After these releases, we will not make any plans to do updates to the Pacman-based packaging of the VDT unless there are critical updates. By "critical update", we mean a moderate or high priority security update, or anything approved by the OSG Executive Team.

Please note: This means that the requested VOMS/VOMS-Admin upgrade will not be provided in Pacman-based packaging.
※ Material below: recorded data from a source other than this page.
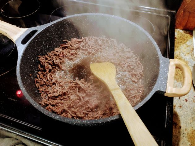 “这是不被允许的,他们也不可能逃过检查,”他解释道,之所以炒肉末的时候会有大量的液体是因为自然存在的水分和脂肪。
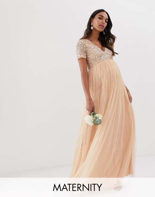Maya Maternity Robe De Demoiselle D Honneur Longue A Encolure En V Ornee De Sequins Delicats Peche Doux Evesham Nj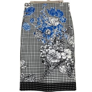 LABEL by 5 twelve Prince of Wales Check Floral Business Office Pencil Skirt Sz-M

2.2 Immediately begin work on RPMs for RHEL 5

We will immediately begin the transition to producing the OSG Software Stack as RPMs for Red Hat Enterprise Linux 5 and variants (especially Scientific Linux 5). VDT installations will depend on EPEL (a trusted third-party software repository). Please Note: Because we are relying on EPEL, this implies a transition to Globus 5.

Rough timeline:

Date Effort What
mid-August ?? glexec + worker node + osg-client + VOMS server, ready for OSG site admin meeting
December ?? Complete CE installation, ready for LHC downtime

2.2.1 Order of packages to release

  1. vdt-system-profiler: We will first ship an updated version of the vdt-system-profiler. This is a simple script that allows users to collect debugging information to be sent to VDT support when help is needed. This is our first target because the package itself is simple, but it will allow us to make sure our infrastructure is in place. (Building RPMs, yum repositories, etc.)
  2. Xrootd: Xrootd (without the DSI Plugin) will be our next target. This is already mostly done, so the goal is to make sure that our infrastructure works properly.
  3. Xrootd DSI Plugin: This will require us to use Globus.
    • Note from BB: We have already done this for the Hadoop DSI plugin.
  4. glexec: CMS wants an upgraded version of glexec. While it is not difficult to build, there are several dependencies (lcas, lcmaps, VOMS, and Globus) that need to be addressed.
    • Note from BB: VOMS is an interesting issue, as (last I checked) the VOMS in EPEL doesn't have the "--dont-verify" flag. This is possibly the first place where we'll have to decide between "copy and maintain a patch" versus "work with upstream". This is based on 9-month-old information; may have changed.
  5. Worker Node Client: This is "low-hanging fruit". Many of these packages have already been done by CMS and we can use the results. They also require minimum configuration to get working.
    • Note from BB: We have proof of concept source packages for all of the WN-client except Fermi-SRM-Client.
  6. OSG Client: Probably falls under the "starter" package category in complexity, but it does possibly affect end-users. (Added by BB)
  7. VOMS Admin: This is the first Tomcat+MySQL application we'll need to support. This would be the first test of our ability to port complex configuration scripts over.
  8. OSG-CE: This is the most complex software we offer. It's going to be necessary to start very early, as it will take much longer than any other software, and will require coordination with several pieces of software that have never had native packaging. (Added by BB)
  9. CREAM: EMI is also doing source packages for this; it might benefit to let them shake-out bugs.
    • Note from BB: The following software will be in both OSG-CE and CREAM, and have never had native packages made: Gratia probes, GIP, OSG-RSV, Configure-OSG, Fermi-SRM-Client.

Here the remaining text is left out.